In case that we are aware that only a portion of the array is going to be accessed in a particular POLCA block we can specify the range of elements. For comparison, the next code is equivalent to the previous one, all the elements of myArray are accessed, but it is explicitly declared.

#define N 5
 
#pragma polca varinfo sizeof(int) N
int myArray[N] = {1, 2, 3, 4, 5};
int z = 0;
 
#pragma polca input myArray[0, N-1]
#pragma polca inout z
{
  for(int i = 0; i<N; i++)
  {
    z = z + myArray[i];
  }
}

In the next code only the three first elements of the array are accessed, and it is indicated by setting the arrange of indexes from 0 to 2 (3 elements), with the notation myArray[0, 2]

#define N 5
 
#pragma polca varinfo sizeof(int) N
int myArray[N] = {1, 2, 3, 4, 5};
int z = 0;
 
#pragma polca input myArray[0, 2]
#pragma polca inout z
{
  for(int i = 0; i<3; i++)
  {
    z = z + myArray[i];
  }
}

The POLCA array indexes directives can also be parametrized. For example in the next example all elements of myArray are read except the first and the last one:

#define N 5
 
#pragma polca varinfo sizeof(int) N
int myArray[N] = {1, 2, 3, 4, 5};
int z = 0;
 
#pragma polca input myArray[1, N-2]
#pragma polca inout z
{
  for(int i = 1; i<N-1; i++)
  {
    z = z + myArray[i];
  }
}

In a similar way access to individual elements can also be explicitly indicated, and they can be parametrized to variables of the C code, as the next code shows:

#define N 5
 
#pragma polca varinfo sizeof(int) N
int myArray[N] = {1, 2, 3, 4, 5};
int z = 2;
 
for(int i = 0; i<N; i++)
{
#pragma polca input myArray[i]
#pragma polca inout z
  z = z * myArray[i];
}

Dealing with Global Variables

Global variables that are read and/or written in a POLCA block should also be annotated as input and/or output to allow the POLCA tools to be aware of the possible data dependencies.

Mathematic Behaviour

Having a full understanding of the mathematical behaviour of the application allows POLCA to introduce more aggressive transformations, while keeping correctness, as well as allowing adaptation to certain platforms such as FPGAs.

The directive smath has a set of basic predefined operators that can be used to express the arithmetics of a POLCA block. These are addition +, subtraction -, multiplication *, division /, exponentiation ^ and module %. The brackets () can also be used to set the order of operations.

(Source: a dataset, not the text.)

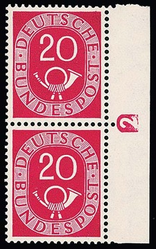 20 Pfg. Posthorn, senkrechtes postfrisches rechtes Randpaar mit Druckerzeichen "2" neg. (ein Wert kl. Spalt), dazu 4 Pfg. im Viererblock aus der linken oberen Bogenecke mit DZ "8" neg. und vollem Originalgummi, so dass der Bahnpoststempel "Kassel-Bebra" möglicherweise ein nachträglicher Gefälligkeitsstempel ist (lt. Notiz Schlegel nicht mit Sicherheit als echt zu bestätigen)

In the next example the mathematical behaviour of the POLCA block is described, after the reserved work smath the arithmetics of the block are described followed by the name of the variable where the results is stored:

#pragma polca smath ((x-y)*(x-y)) z
#pragma polca input x y
#pragma polca output z
{
  z = (x-y)*(x-y);
}

Often the arithmetics can be expressed in multiple ways, not having to resemble with accuracy the operations that are taking place in the C code. For the previous example this other equivalent directive could have been used:

#pragma polca smath ((x-y)^2) z

POLCA also provides a set of more complex mathematical functions to be used for the smath directive to ease with the annotation of the mathematical behaviour. These predefined mathematical functions are:

  • sqrt: is the square root of a mathematical expression, that could be a constant, a variable or a more complex arithmetic expression to be evaluated
  • avg: the average value of a list of elements avg(val1, val2, val3, …, valn) or of a vector avg(myArray)
  • min: the minimum value of a list of elements min(val1, val2, val3, …, valn) or of a vector min(myArray)
  • max: the maximum value of a list of elements

Function annotation

Functions can be considered and treated as POLCA blocks but they have some peculiarities:

  • they do not need a def directive as the name can be taken from the name function itself
  • the return value is an output but does not need to be explicitly annotated as in the function definition it is not yet known where the final result is going to be stored (if it is stored)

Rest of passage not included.